» **Dataset excerpts**
- Opening Delimiter -

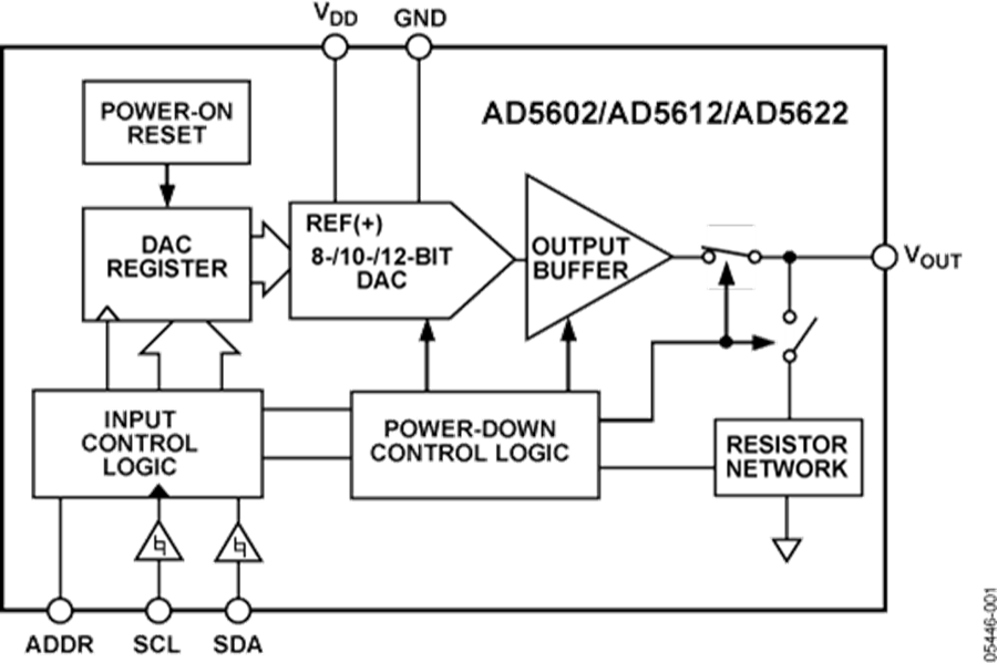 AD5602/AD5612/AD5622采用双线式I2C兼容型串行接口,能够以标准(100 KHz)、快速(400 KHz)及高速(3.4 MHz)三种模式工作。
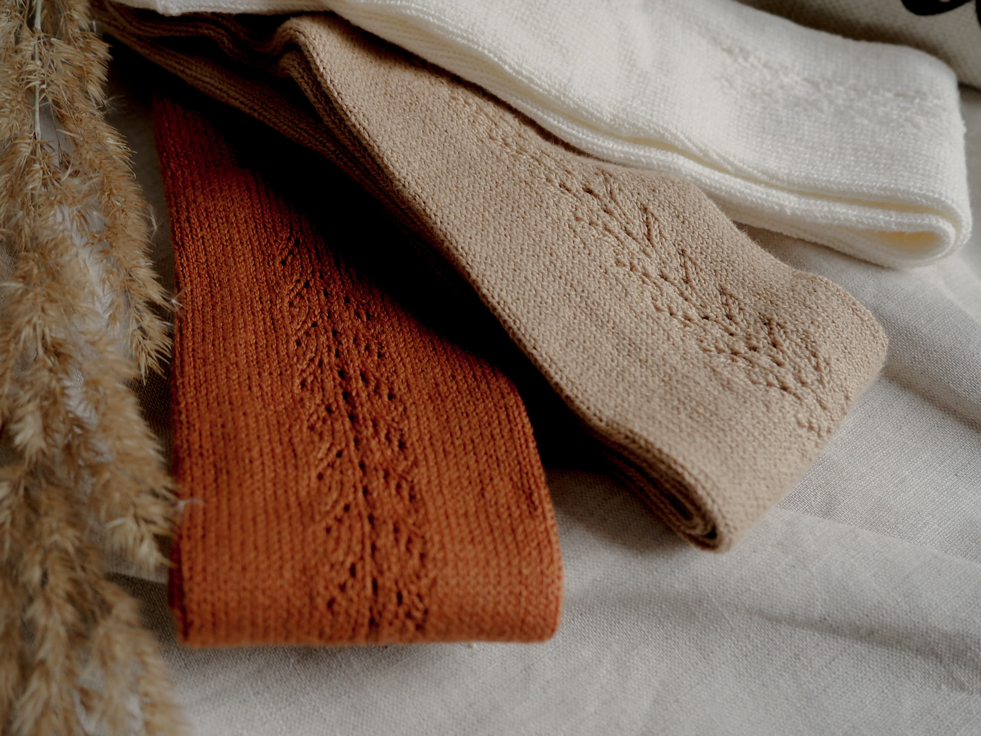 Gładkie z delikatnym, ażurowym wzorem z boku.
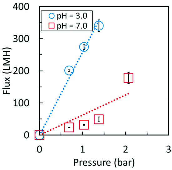 Volumetric flux of deionized water through of cellulose-PAA membrane at pH 3 and 7. Membrane surface area = 13.2 cm2.
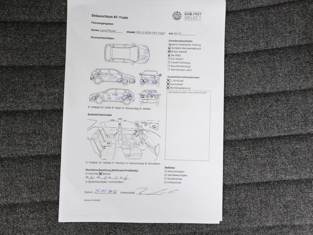 Keine technische Prüfung (Werkstatttest) vorgenommen Diverse Schäden an Karosserie/Lack. 8-fach bereift. Zustand Sommerräder ? Fahrzeug ab Platz, ohne Garantie und Aufbereitung. DPF/FAP Filter nicht kontrolliert Es leuchten Warnlampen während des Betriebs. Hybridbatterie ist defekt. Fahrzeug kann nicht gefahren werden! Motor Läuft für auf Transporter. Motor Getriebe Vorderachse Hinterachse Airbags ausgelöst: 0 unbekannt ( Abfallcode 16.01.04ak )
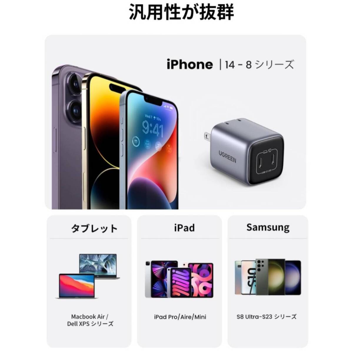 UGREEN独自技術Power Dispenserシステムにより、接続されたデバイスに応じ、自動的に出力を判別し、機器が必要とする電力に賢く適応させてパワフルかつ安全に充電可能です。また、過充電保護、過熱防止、過電流防止、ショート防止など、複数の安全保護機能があり、安心してご利用いただけるタイプc アダプターです。
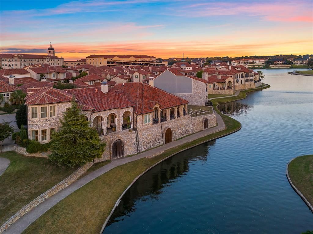 Welcome to Adriatica Village-step into another world, a quaint European village full of beautiful views, unique architecture, cobblestone streets and quality construction with walkability in a mixed use environment including 7 restaurants all within the neighborhood. 6821 Dalmatia is a waterfront villa, full of character beginning with the tranquil courtyard entrance, arched iron door and front Juliet balcony. You'll love the high end finishes yet low maintenance lifestyle this zero lot water view home provides. The main level features travertine stone tile flooring in all main areas, a massive cast stone gas log fireplace, beamed ceiling, wood & stone staircase & a wall of windows overlooking the 34X9 water view balcony. The custom granite kitchen features drawers instead of cabinets for convenience, a Wolf commercial 6 burner gas cooktop, double ovens, custom vent hood, Sub Zero built in fridge, long bar & walk in pantry. The primary bedroom has a sitting area, jet tub, double vanities, pocket doors, 3 tier walk-in closet with built-in dresser. Upstairs is all hardwood with tile in wet areas, 2 bedrooms with connecting shared bath and a Texas basement walk in attic. Other extras include: tankless water heater, 8ft solid core doors, custom leathered granite vanity in powder bath, 14ft ceilings, door jamb light switches, pocket doors, foam encapsulated insulation, fire suppression system, fresh air intake, patio gas grill connection & storage closet. Oversize 2 car garage. Lavishly landscaped. Enjoy superb quality George Fuller construction along with a lock and leave lifestyle and resort water view setting every day. Stonebridge amenities include an aquatic center, tennis, pickleball, parks, lakes, catch & release fishing and trail system. YOU deserve to live your life in this luxury and character.
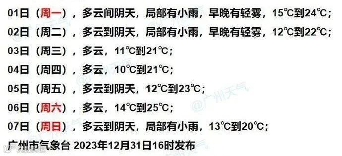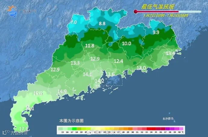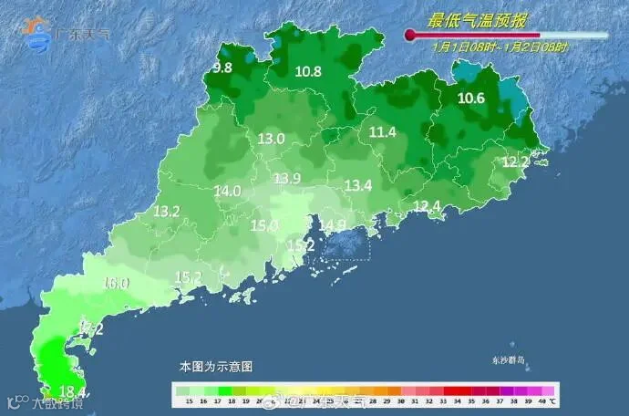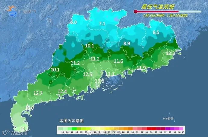 1月3日,粤西和珠三角西部阴天有分散小雨,其余地区多云。早晨最低气温:粤北的北部市县、肇庆北部7℃~10℃,粤西市县15℃~18℃,其余市县11℃~14℃。

- Closing Delimiter -

» **Goal of the exercise**
Above are the records; restate exactly the lines from the one containing "Gładkie z delikatnym, ażurowym" through the one containing "Volumetric flux of", keeping pictures out.

» **Reply**
 Gładkie z delikatnym, ażurowym wzorem z boku.
 Volumetric flux of deionized water through of cellulose-PAA membrane at pH 3 and 7. Membrane surface area = 13.2 cm2.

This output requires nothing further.